[Collected data entries]
══════════════════════════════

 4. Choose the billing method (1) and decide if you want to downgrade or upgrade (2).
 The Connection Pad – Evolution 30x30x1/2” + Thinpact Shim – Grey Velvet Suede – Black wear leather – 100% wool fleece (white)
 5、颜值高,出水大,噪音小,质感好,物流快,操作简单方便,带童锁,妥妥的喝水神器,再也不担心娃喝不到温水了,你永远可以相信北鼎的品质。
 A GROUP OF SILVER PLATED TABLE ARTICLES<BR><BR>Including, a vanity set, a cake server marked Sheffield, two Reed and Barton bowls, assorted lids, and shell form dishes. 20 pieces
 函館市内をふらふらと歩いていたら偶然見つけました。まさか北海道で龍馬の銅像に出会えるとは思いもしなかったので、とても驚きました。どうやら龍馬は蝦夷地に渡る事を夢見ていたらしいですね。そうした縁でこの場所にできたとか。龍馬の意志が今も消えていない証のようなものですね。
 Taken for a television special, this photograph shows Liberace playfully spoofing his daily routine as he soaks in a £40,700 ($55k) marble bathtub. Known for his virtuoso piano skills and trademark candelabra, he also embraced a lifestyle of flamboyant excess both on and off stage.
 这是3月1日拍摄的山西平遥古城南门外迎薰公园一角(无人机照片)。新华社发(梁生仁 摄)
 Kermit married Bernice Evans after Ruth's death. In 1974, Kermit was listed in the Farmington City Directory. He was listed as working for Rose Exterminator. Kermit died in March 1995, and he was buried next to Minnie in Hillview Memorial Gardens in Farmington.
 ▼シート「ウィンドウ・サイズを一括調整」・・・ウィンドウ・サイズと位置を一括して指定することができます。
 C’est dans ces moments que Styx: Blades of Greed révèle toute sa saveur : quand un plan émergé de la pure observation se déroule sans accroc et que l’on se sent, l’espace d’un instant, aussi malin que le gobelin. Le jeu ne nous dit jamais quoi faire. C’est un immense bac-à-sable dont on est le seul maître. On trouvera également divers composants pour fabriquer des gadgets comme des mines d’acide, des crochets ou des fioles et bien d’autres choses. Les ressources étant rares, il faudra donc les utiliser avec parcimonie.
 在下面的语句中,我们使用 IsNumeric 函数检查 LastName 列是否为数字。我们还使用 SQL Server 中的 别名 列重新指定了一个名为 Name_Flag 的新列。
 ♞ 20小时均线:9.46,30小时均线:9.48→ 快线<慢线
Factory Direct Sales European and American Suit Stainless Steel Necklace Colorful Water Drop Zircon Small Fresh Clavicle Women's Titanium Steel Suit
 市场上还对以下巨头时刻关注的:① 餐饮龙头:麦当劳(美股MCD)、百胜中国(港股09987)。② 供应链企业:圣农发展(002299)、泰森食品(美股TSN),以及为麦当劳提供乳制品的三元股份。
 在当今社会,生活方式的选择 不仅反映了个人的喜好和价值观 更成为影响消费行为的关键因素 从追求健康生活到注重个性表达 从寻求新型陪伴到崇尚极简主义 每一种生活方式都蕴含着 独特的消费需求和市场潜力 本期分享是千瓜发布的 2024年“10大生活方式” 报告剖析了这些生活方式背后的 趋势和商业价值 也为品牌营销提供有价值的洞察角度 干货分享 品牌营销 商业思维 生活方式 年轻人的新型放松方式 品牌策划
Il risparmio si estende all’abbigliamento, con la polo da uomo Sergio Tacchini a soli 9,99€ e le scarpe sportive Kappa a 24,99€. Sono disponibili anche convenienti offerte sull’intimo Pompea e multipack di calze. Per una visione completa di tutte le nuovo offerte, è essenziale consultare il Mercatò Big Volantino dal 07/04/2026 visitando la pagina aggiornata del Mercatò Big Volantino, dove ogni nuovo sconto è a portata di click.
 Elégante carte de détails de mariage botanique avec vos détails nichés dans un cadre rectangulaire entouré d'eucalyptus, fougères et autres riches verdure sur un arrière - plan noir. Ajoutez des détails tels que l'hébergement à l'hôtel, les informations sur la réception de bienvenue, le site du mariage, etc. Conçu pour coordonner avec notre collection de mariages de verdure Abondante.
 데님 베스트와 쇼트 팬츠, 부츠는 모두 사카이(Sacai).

══════════════════════════════

- [Action item] Give back, exactly as written, the stretch from the line with "函館市内をふらふらと歩いてい" through the line with "Taken for a", and no other lines from the records above.

- [Answer below]
 函館市内をふらふらと歩いていたら偶然見つけました。まさか北海道で龍馬の銅像に出会えるとは思いもしなかったので、とても驚きました。どうやら龍馬は蝦夷地に渡る事を夢見ていたらしいですね。そうした縁でこの場所にできたとか。龍馬の意志が今も消えていない証のようなものですね。
 Taken for a television special, this photograph shows Liberace playfully spoofing his daily routine as he soaks in a £40,700 ($55k) marble bathtub. Known for his virtuoso piano skills and trademark candelabra, he also embraced a lifestyle of flamboyant excess both on and off stage.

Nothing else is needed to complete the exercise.